私が当院の医師大量退職を知ったのは3月のネットニュースでした。当時は全くの他人事で、まさか自分がその病院に着任するとは思ってもいませんでした。どんな職場であれ、管理者から理不尽な扱いを受けた職員が反発するのは当然です。 病院の運営にとって、医師の確保は生命線です。私が率いていた病院の脳神経外科は、嘗て10年以上にわたって大学医局から離れていました。

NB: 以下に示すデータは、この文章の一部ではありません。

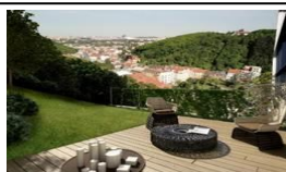
New Progresses in NOARK Europe

医師の派遣は打ち切られ、残った少数の医師で専門医を育て、関東から若手医師を集めて24時間365日の診療を続けました。今では大所帯になっていますが、存続の危機は何年も続きました。診療現場では、医師の出身医局など何の意味もありません。必要なのは医師としての技量と患者さんを助けたいという熱意だけです。 多くの医師が離職する今回の騒動は、当院に大きなダメージをもたらしました。不安に駆られる患者さんや、前途を悲観する職員の声も届いています。病院はつぶれるのではないか? トラブルを抱えた病院でちゃんと診てもらえるのか? そのような声も聞きます。しかし、一方に病気やケガに苦しむ市民がいて、片方に診療に力を尽くしたい医療者がいる限り、私たちの仕事は続きます。 当院には、地域医療の現場で献身的に毎日働いている800人以上の職員がおります。何人かの医師は残留を表明してくれました。着任してすぐわかったのは、当院には優秀で労を惜しまない職員がたくさんいるということです。私の責務は、この人たちを支え、少しでも働きやすい環境を整えることだと思っています。 それ以上に、病院で日々診療を受けておられる市民の皆様がおられます。どうかこの人たちに御配慮いただき、皆様にご支援いただけることを切に願っております。

地域全体で考える

医療は専門化、細分化が進んでいます。今や、一つの医療施設で多岐にわたる地域医療を賄うことは不可能になっています。幸いなことに、当院の近隣には3つの公的病院があり、それぞれに得意分野が違います。これらの病院と連携し、機能分担を進めながら、一つの病院単位ではなく、地域全体の医療体制を整えたいと考えています。 確かに当院は危機に直面していますが、職員の士気は上がっています。組織を根本から見直すような改革は、たいてい危機の時に達成されます。当院は、市民による市民のための病院です。当院の運営について、ご提言、ご助言などございましたら、お気軽にご一報いただくようお願い申し上げます。

現況と今後の診療体制

今回のトラブルに附随して、退職が想定された診療科は下記の通りです。 消化器外科については、すでに同数の交代チームが着任して働いています。6月に退職予定の乳腺外科医師1名については、常勤医師招聘を調整中です。脳神経外科4名は9月に退職予定ですが、私自身が脳神経外科医ですので、一般的な脳外科分野は自分で担当します(キャリア40年、数千件以上の脳外科手術を経験しています)。なお、当院の脳神経外科はもともと脊椎外科を主分野としておりましたので、今秋に脊椎外科チームの招聘を検討します。泌尿器科は9月に退職予定ですが、最終日まで全力で診療を続けることを宣言しています。円滑に交代をすべく調整中です。神経内科も退職の意向を表明していますが、時期は未定です。麻酔科、放射線診断科は残留が決まりました。 その他の診療科には、今回のトラブルに附随して退職する医師はいません。退職を余儀なくされながらも最終日まで職務遂行を表明してくれた医師達、残留を表明してくれた医師達、個人的に当院への着任を申し出てくれた医師達、さらには交代チームの派遣を快諾してくれたいくつかの医療機関のおかげで、当院はこれまでどおりの職務を遂行できます。少し時間はかかるかもわかりませんが、以前よりもさらに陣容を充実させて、市民のお役に立ちたいと思っています。